So where might you find something like this useful? The answer is any metric on which it would be useful to be alerted of change might be effective. This may be a metric as simple as something that should stay relatively constant such as the temperature in a server room (a threshold may be more appropriate here but you get the idea) or something that drifts over time such as signups per hour for a small startup. At Netflix change detection is part of a larger analytics suite and is often used in conjuction with other analytics but one excellent example of where its used is the call volume for a specific device in our call centre. If the generating mechanism for this has changed it is a strong indicator that the device may be experiencing an issue streaming Netflix.

TODO: Insert Call Volume Graph

## Challenges

There are a number of challenges when dealing with detecting change in real-time, I'll outline a few of them here so you can think about them while we go through this tutorial.

- False Positives: Detecting change when there is none, an algorithm that is too sensitive.
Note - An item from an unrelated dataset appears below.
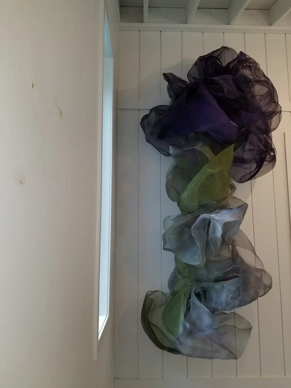 Each participant will be invited to “sign their work” by adding their name to a large board that will be posted near the completed large sculpture. I intend to create a minimum of 25 Shocking blue screening pods of various random sizes and shapes. The sheets of aluminum screening will be painted by myself off site beforehand using outdoor acrylic paint. Emphasis is on the action of our hands and noticing the evolving shapes. Participants’ silver foil pods will be inserted inside my blue screening pods, creating a contrast of color, texture and dimension. If the site permits, I will add lengths of ½” plastic tubing, painted the same Shocking Blue, to the completed sculpture, as if they are roots or tenticles, which may wrap around trees or be strung overhead. The addition of this tubing is experimental and may help to create a story that stimulates the viewers’ imaginations. The 'completed' pods may be joined together to form one large amorphic sculpture, depending on the site, or may be randomly hung or staked into the ground throughout the park. My goal is to create a wow factor as the Shocking Blue will contrast with the park foliage and/or the concrete paving in the park areas. Solar lighting may be added on Day #2. The entire process will focus on fun, experimentation and comradery.

This is especially an issue in production when mathematical change doesn't necessarily imply change that a human cares about.
- False Negatives: Failing to detect change when there is some change, an algorithm that is too insensitive.
- Detection Lag: How quickly are we able to detect change?

Different techniques will address these challenges differently, some will be weak in some areas and strong in others. Furthermore it depends on the characteristics of our data streams. Later when implementing your own solutions consider how they'll interact with the points above.


## Components
We require a handful of components to solve this problem effectively. These components include a simulator, change detector base classes, data generators and evaluation functions. Together these components can be used to construct and evaluate experiments against one another. A number of components are included in this package, though they've been kept intentionally simple for understandability. They should however also form an excellent base for a more robust system should you chose to implement any of these components directly. We'll require the following components:


- Detector Framework
- Data Generators
- Simulation Framework
- Evaluation Functions

- Basic Change Detector (Normal Approximation)
- Bayesian Change Detector


# Tutorial Schedule

This tutorial is slated to be 110 minutes long, I can't imagine talking for 110 minutes. I've got just over an hour of material, the rest will be Q&A or an early release.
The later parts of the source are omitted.